Sporadically between the 14th and 17th centuries, people would spontaneously begin dancing in the streets, in small numbers at first, but quickly growing to include dozens, scores and even hundreds of people. They danced with increasing degrees of hysteria – violently jumping up and down and shaking their head and limbs –  for hours and even days on end until they collapsed from exhaustion. Some were reported to have danced themselves to death. The most notable outbreak of dancing plague took place in Strasbourg in 1518 and involved hundreds of citizens before subsiding in September after a decisive intervention of magistrates, clergy and doctors.
 
Why did they dance and why did they fall exhausted and even die? It’s not known for sure to this day and will never be known, but the best explanation is that it was stress-induced mass psychosis that erupted as a result of the quite extraordinary stresses that faced people in the Middle Ages: poverty, hunger, plague, war. Today it might be called psychogenic disorder – nervous system disruption which at times presents as extreme excitement leading to unconscious and dramatic alteration of physical function.
 
Austerity, Covid, Brexit, war, soaring prices, mortgage chaos, eat-or-heat, government liars and charlatans.
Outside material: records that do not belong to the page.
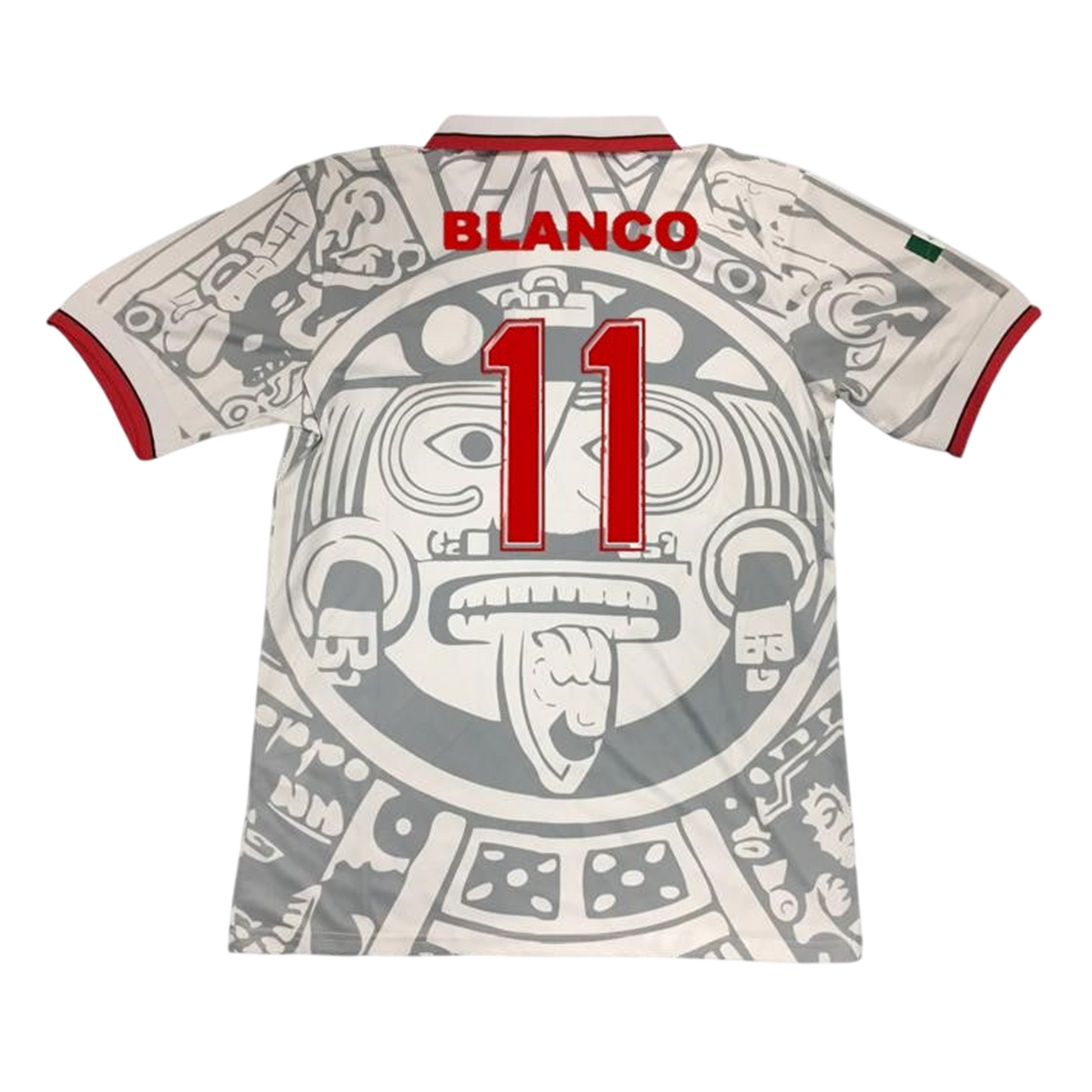 Relive the magic of the 1998 World Cup in France with the Mexico Away Retro Jersey, featuring Cuauhtémoc Blanco's name and iconic number 11. This classic white shirt captures the flair, creativity, and fighting spirit of El Tri during a memorable tournament. The jersey features a stunning, intricate graphic pattern inspired by Aztec ancestors and Mesoamerican culture embedded in the fabric, reflecting Mexico's deep historical roots and making it one of the most aesthetically unique jerseys of the 90s era. The original manufacturer was the Mexican brand ABA Sport. Cuauhtémoc Blanco wore the number 11 shirt, an iconic figure known for his unique "Blanco bounce" move to beat defenders. He played alongside other legends such as Luis Hernández, Claudio Suárez, and Pável Pardo. This jersey remains a sought-after classic and a true piece of Mexican football history.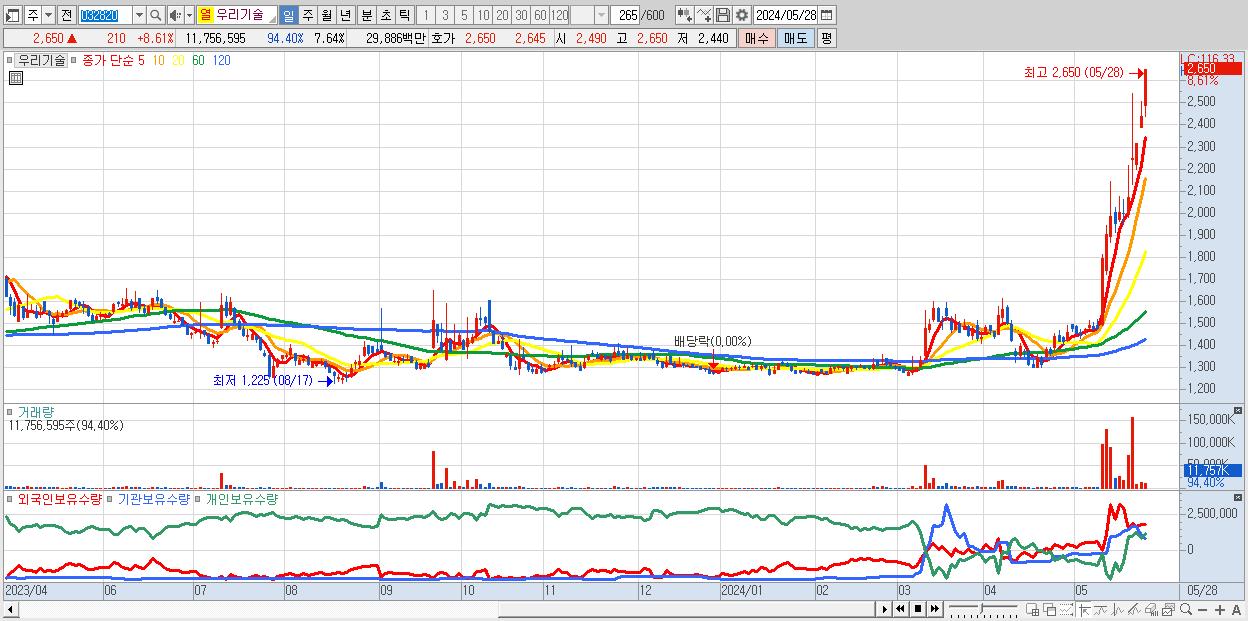 - 우리기술 (2,650원 ▲ 8.61% , 시총: 4,076억, 거래량: 11,756,595, 거래대금:299억, KOSDAQ)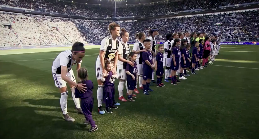 Lo speaker dello Stadium inizia a urlare i nomi delle 11 bianconere che scenderanno in campo: “Con il numero uno Laura…” e il pubblico prosegue “Giuliani”. Un brivido percorre la schiena, abituati a sentire “Con il numero 1 Gianluigi Buffon”. Il secondo ricordo è l’ingresso in campo delle ventidue giocatrici, ognuna di loro accompagnata da un bambino o bambina con la divisa della squadra avversaria. Particolare attenzione a Cristiana Girelli, il bomber bianconero ha infatti scelto la nipotina “Chicca” per accompagnarla in campo in un’occasione così speciale. Sappiamo che Cristiana è molto affezionata alla nipote, successivamente ha raccontato il timore che la piccola Chicca potesse piangere e sentire la mancanza della mamma durante l’attesa di “zia Cri” per l’ingresso in campo e invece era contentissima di poter accompagnare la zia in questa sua grande giornata. Un trionfo nel trionfo dunque.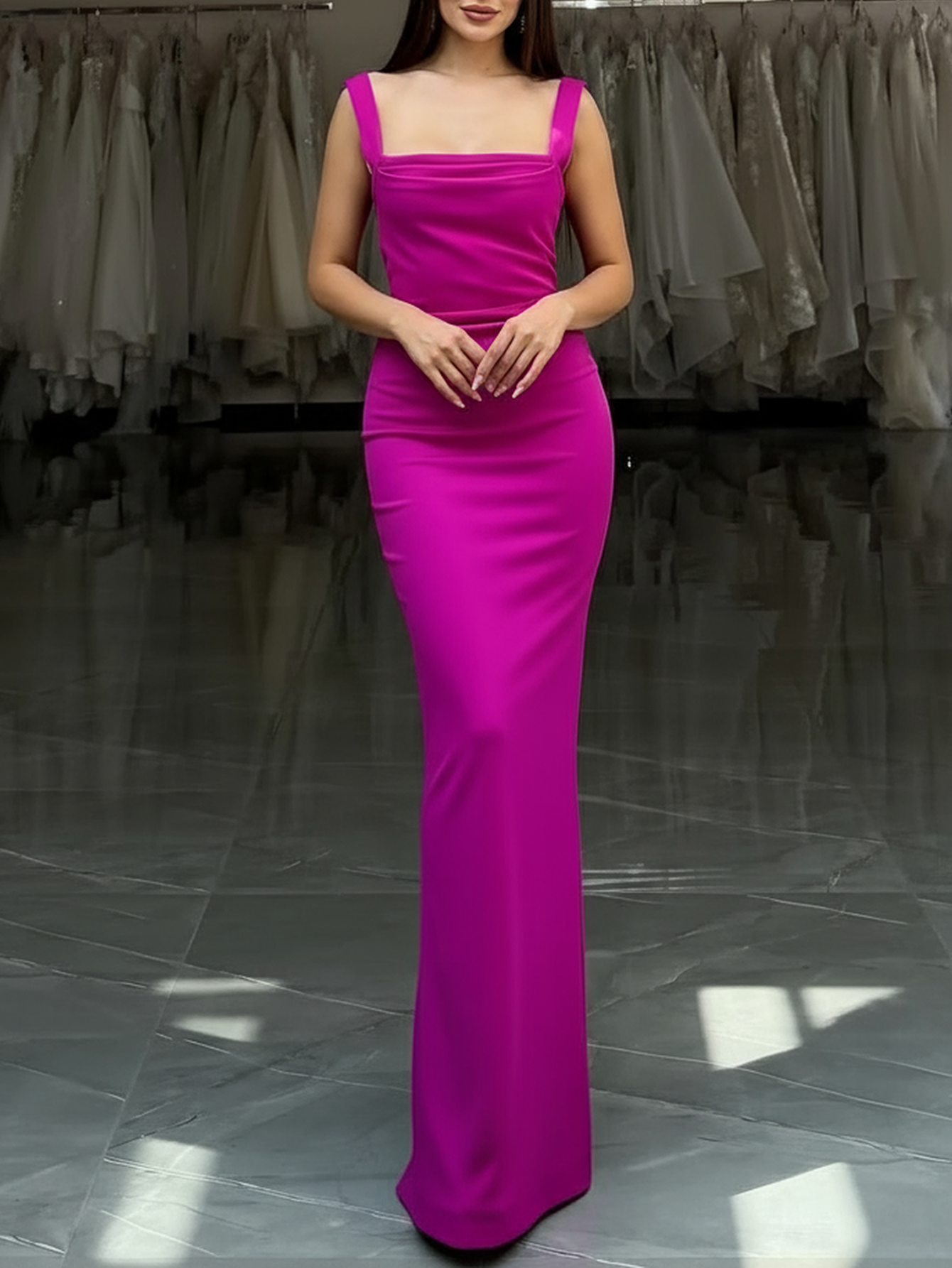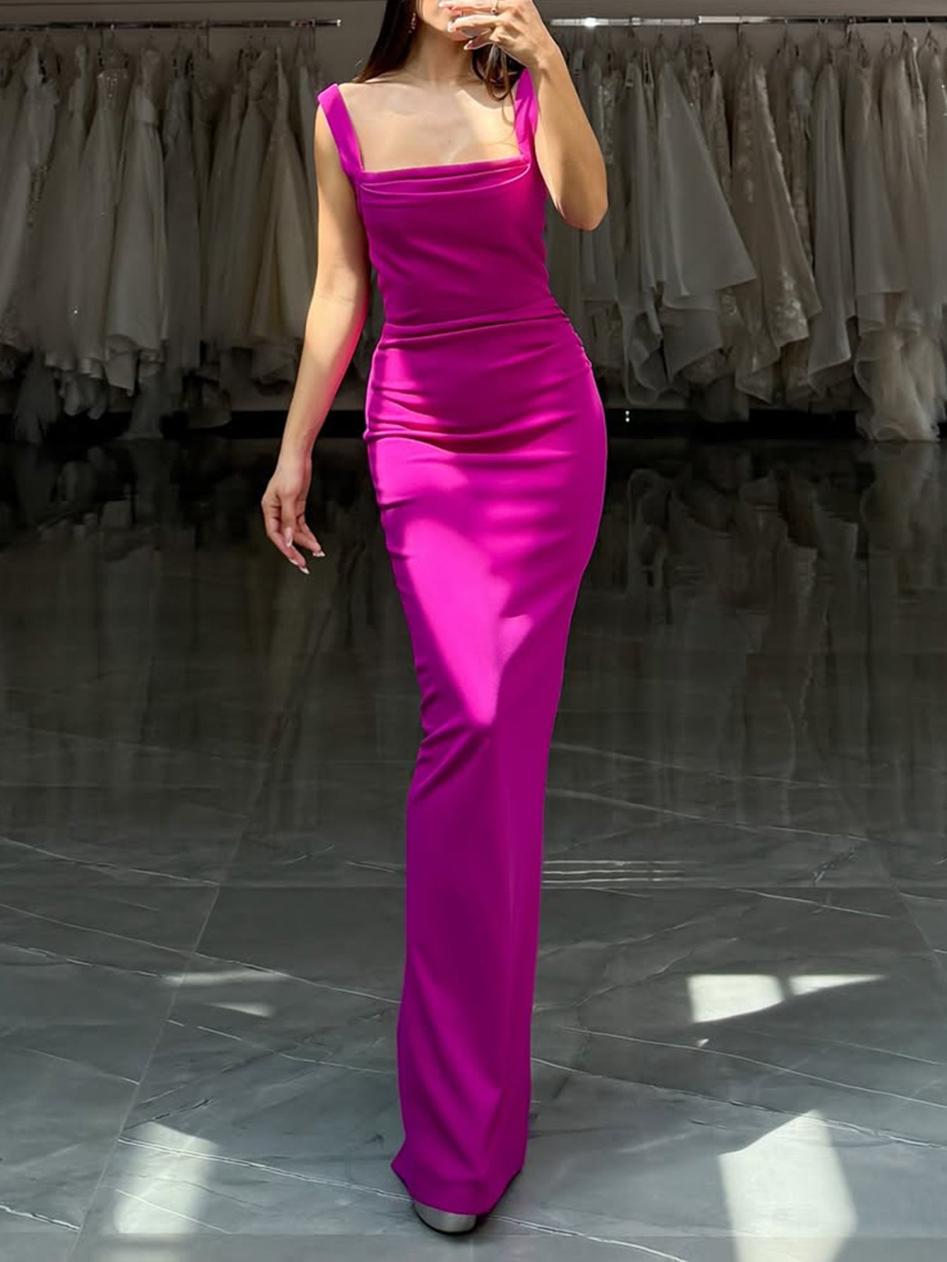 Tank Square Neck Ruched Bodice Mermaid Prom Dress - Hot Pink

Might the English psyche have been so overwhelmed by the depredations of 12 years of Tory rule that in repeatedly backing what posterity will judge to have been the most degraded and discredited politician in a hundred years they are unable mentally to process their part in bringing him to power? That the psychic toll taken on them by giving the keys of the kingdom to a man dripping with greed, callousness and deceit has led them into a dance of denial? That as long as they twist and turn and jump and clap they don’t have to think about the real Boris Johnson?